WHAT YOU WILL DO: Exactly as written, print the lines from the top of the listing through the line containing "12:22:40 | ||"; include no pictures.

RECORDS SHOWN:
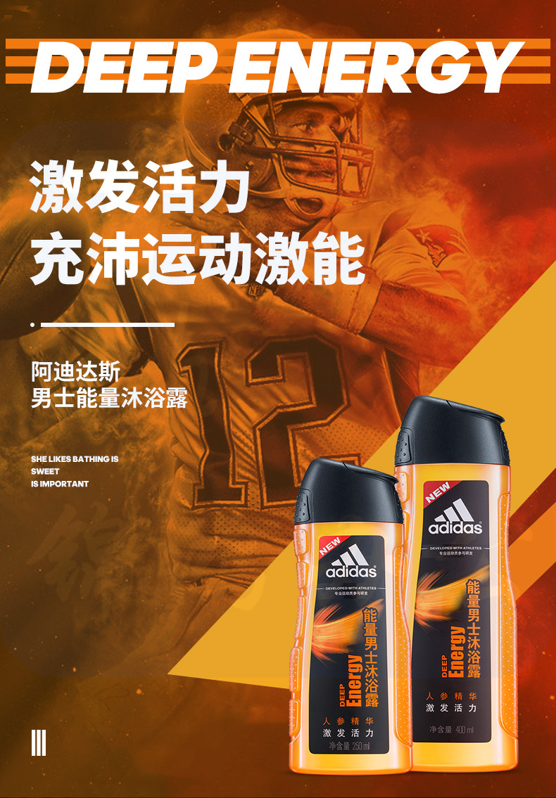 阿迪达斯 沐浴露400ml男士能量沐浴液 清凉舒爽长久留香
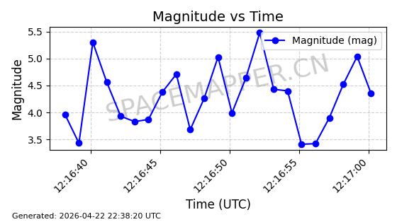 | STARLINK-11083 | 59424 | 59424 | 2024-04-07 同日期轨道 2024-065D 同批次轨道 | 在轨 | 92分钟 | 53.1596 | 359.284 | 360.174 | 0.0000660 | 2026-04-26 12:22:40 | ||
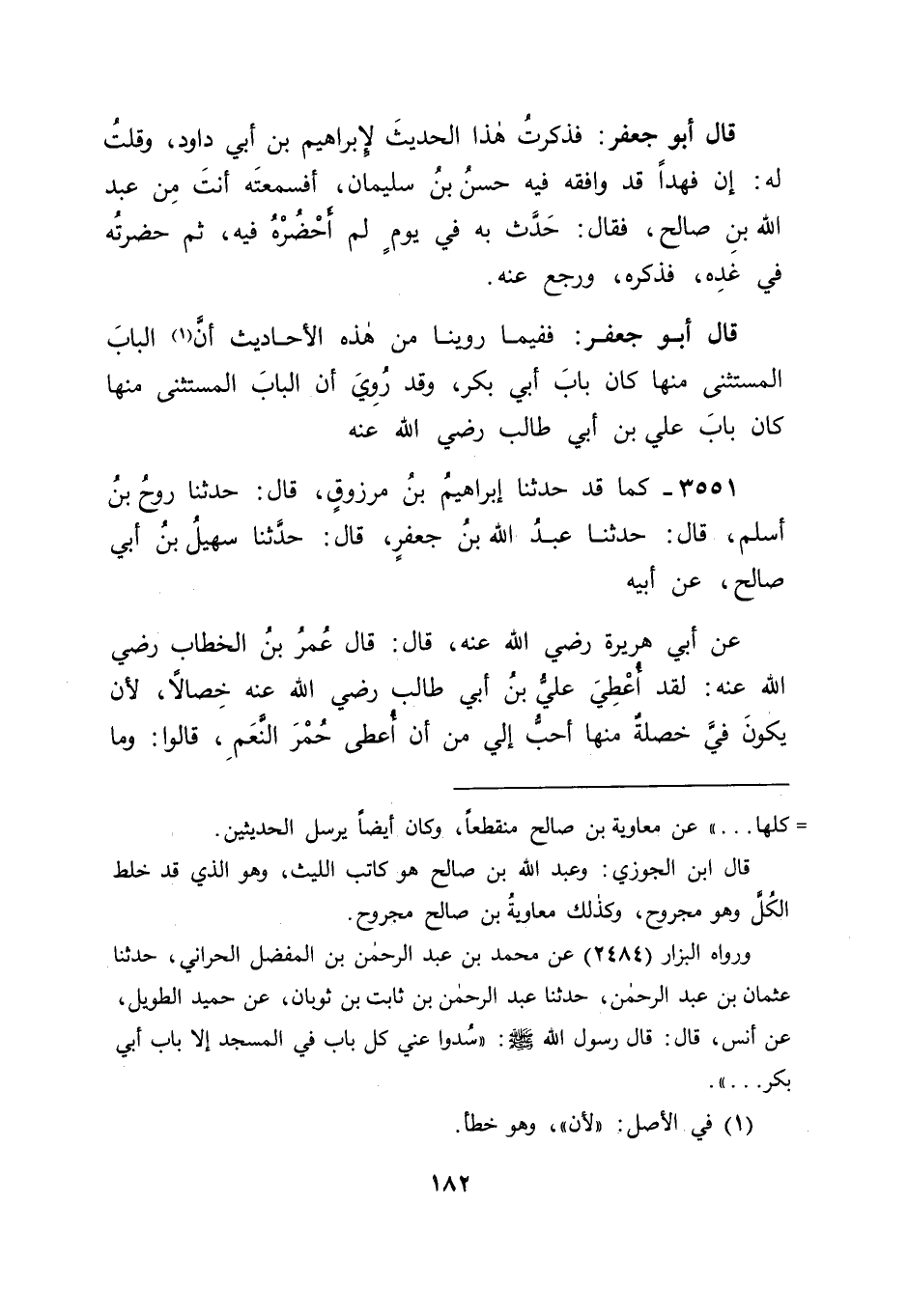3551 - كَمَا قَدْ حَدَّثَنَا إِبْرَاهِيمُ بْنُ مَرْزُوقٍ قَالَ: حَدَّثَنَا رَوْحُ بْنُ أَسْلَمَ قَالَ: حَدَّثَنَا عَبْدُ اللهِ بْنُ جَعْفَرٍ قَالَ: حَدَّثَنَا سُهَيْلُ بْنُ أَبِي صَالِحٍ , عَنْ أَبِيهِ , عَنْ أَبِي هُرَيْرَةَ رَضِيَ اللهُ عَنْهُ قَالَ: قَالَ عُمَرُ بْنُ الْخَطَّابِ رَضِيَ اللهُ عَنْهُ: " لَقَدْ أُعْطِيَ عَلِيُّ بْنُ أَبِي طَالِبٍ رَضِيَ اللهُ عَنْهُ خِصَالًا , لَأَنْ يَكُونَ فِيَّ خَصْلَةٌ مِنْهَا أَحَبُّ إِلَيَّ مِنْ أَنْ أُعْطَى حُمْرَ النَّعَمِ , قَالُوا: وَمَا -[183]- هُنَّ يَا أَمِيرَ الْمُؤْمِنِينَ؟ قَالَ: تَزَوَّجَ فَاطِمَةَ ابْنَةَ رَسُولِ اللهِ صَلَّى اللَّهُ عَلَيْهِ وَسَلَّمَ , وَسُكْنَاهُ الْمَسْجِدَ مَعَ رَسُولِ اللهِ صَلَّى اللَّهُ عَلَيْهِ وَسَلَّمَ , يَحِلُّ لَهُ فِيهِ مَا يَحِلُّ لِرَسُولِ اللهِ صَلَّى اللَّهُ عَلَيْهِ وَسَلَّمَ , وَالرَّايَةُ يَوْمَ خَيْبَرَ " قَالَ أَبُو جَعْفَرٍ: وَعَبْدُ اللهِ بْنُ جَعْفَرٍ الَّذِي عَادَ إِلَيْهِ هَذَا الْحَدِيثُ , إِنْ يَكُنْ هُوَ الْمَخْرَمِيَّ , فَهُوَ مِمَّنْ يُحْمَدُ فِي حَدِيثِهِ , وَإِنْ يَكُنْ هُوَ ابْنَ نَجِيحٍ أَبُو عَلِيِّ بْنَ الْمَدِينِيِّ , فَإِنَّ حَدِيثَهُ لَيْسَ كَحَدِيثِ عَبْدِ اللهِ بْنِ جَعْفَرٍ الْمَخْرَمِيِّ , وَلَكِنَّهُ لَيْسَ بِسَاقِطٍ , قَدْ حَدَّثَ النَّاسُ عَنْهُ , وَأَحَدُ مَنْ حَدَّثَ عَنْهُ ابْنُهُ , وَهُوَ إِمَامُ أَهْلِ الْحَدِيثِ. ثُمَّ نَظَرْنَا: هَلْ رَوَى هَذَا الْحَدِيثَ عَنْ سُهَيْلٍ غَيْرُهُ.
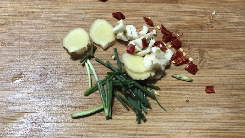 6. 加入花椒粒、辣椒碎和葱姜蒜炒香
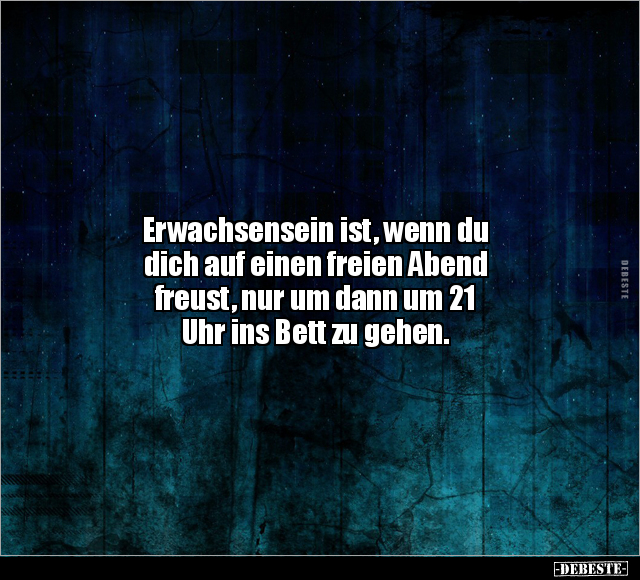 Erwachsensein ist, wenn du dich auf einen freien Abend freust, nur um dann um 21 Uhr ins Bett zu gehen.
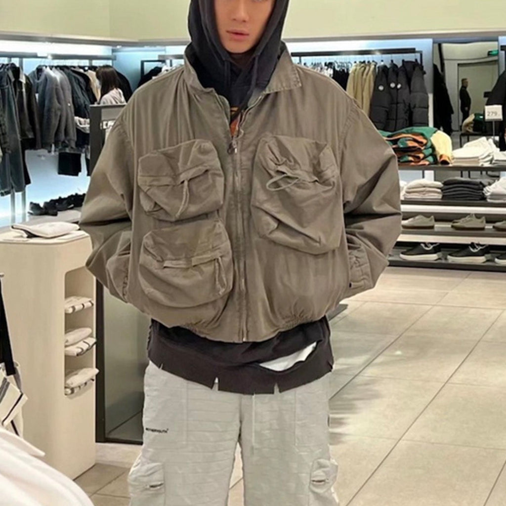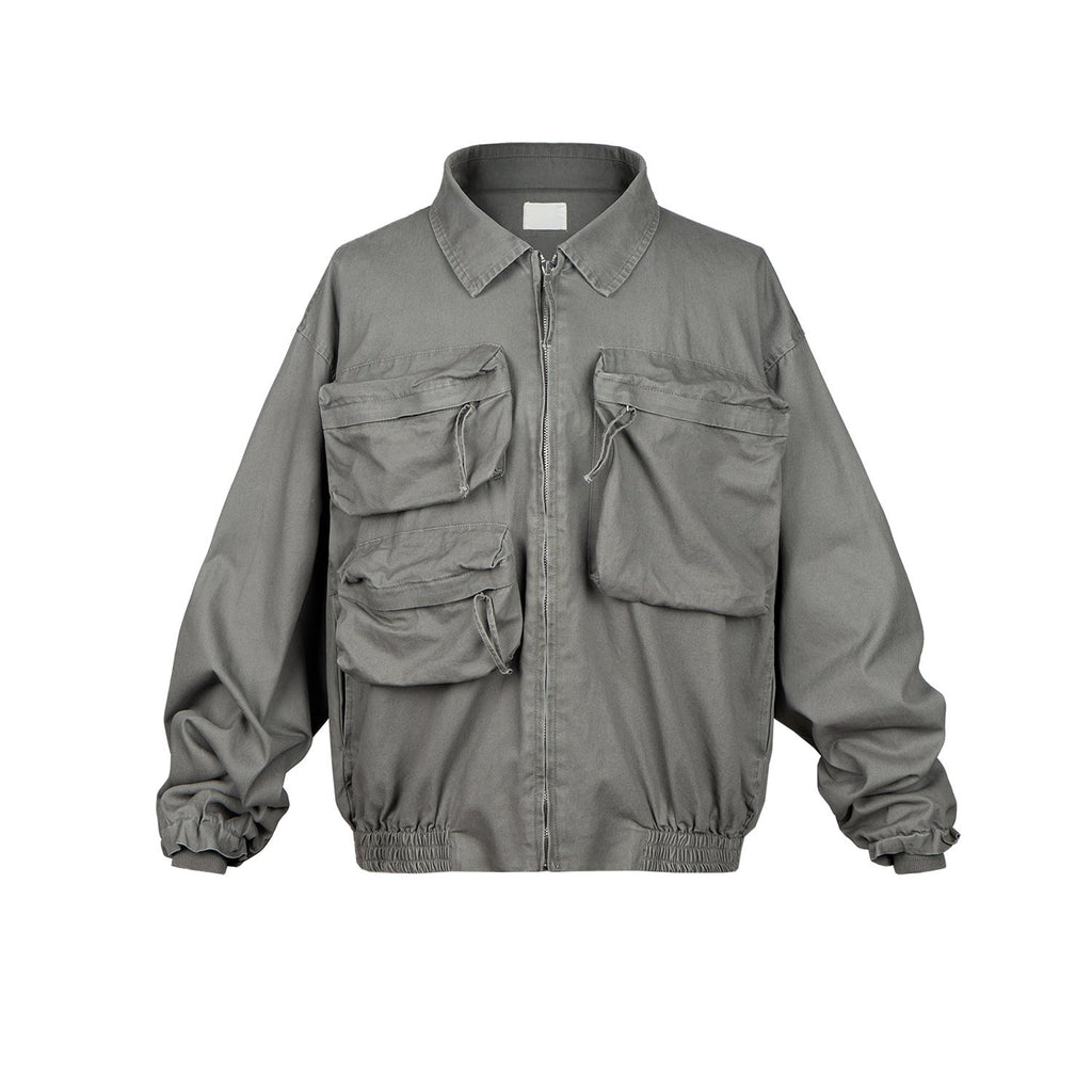MIJKO Mens Jacket Multi Pocket Lapel Zip Mainstream Fashion Jacket
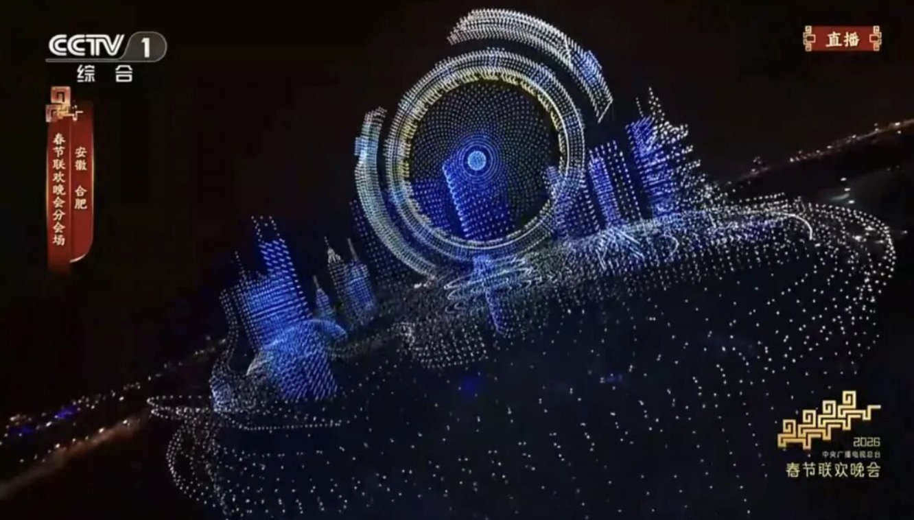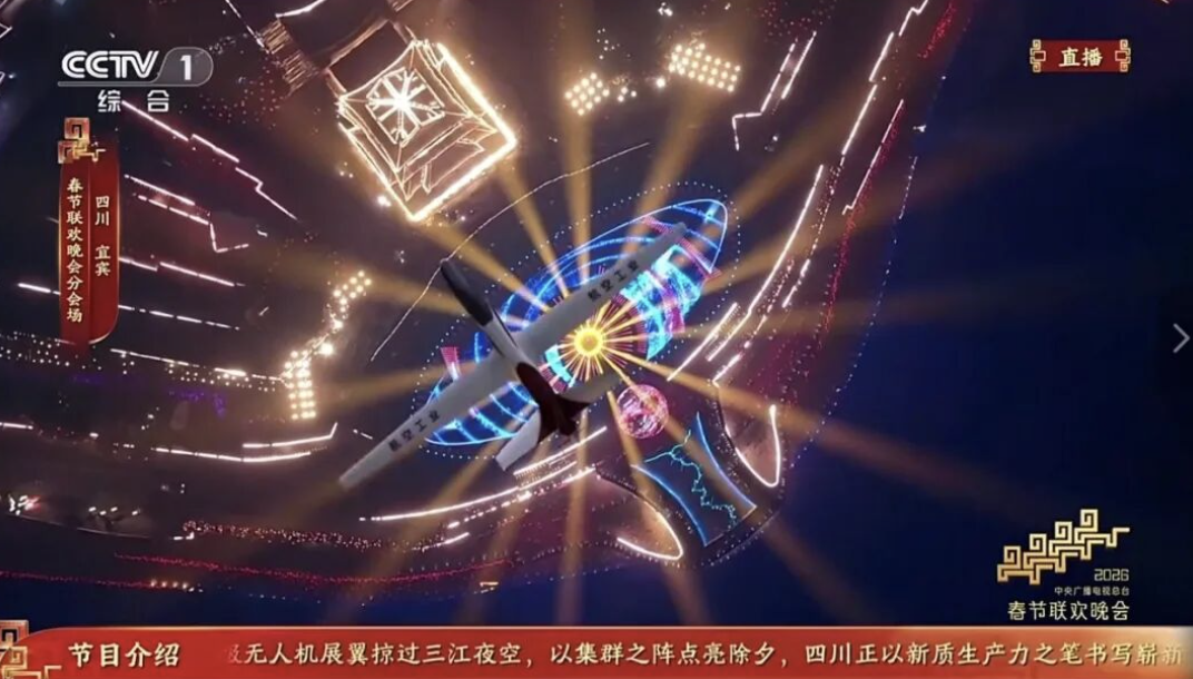 在春晚宜宾分会场,10架“云影”无人机在成飞“文鳐”智慧管控系统操作下,垂直升空后改平飞,之后又调整为楔形编队绕场飞行;2架“翼龙”无人机从自贡起飞。

WRITTEN REPLY:
 阿迪达斯 沐浴露400ml男士能量沐浴液 清凉舒爽长久留香
 | STARLINK-11083 | 59424 | 59424 | 2024-04-07 同日期轨道 2024-065D 同批次轨道 | 在轨 | 92分钟 | 53.1596 | 359.284 | 360.174 | 0.0000660 | 2026-04-26 12:22:40 | ||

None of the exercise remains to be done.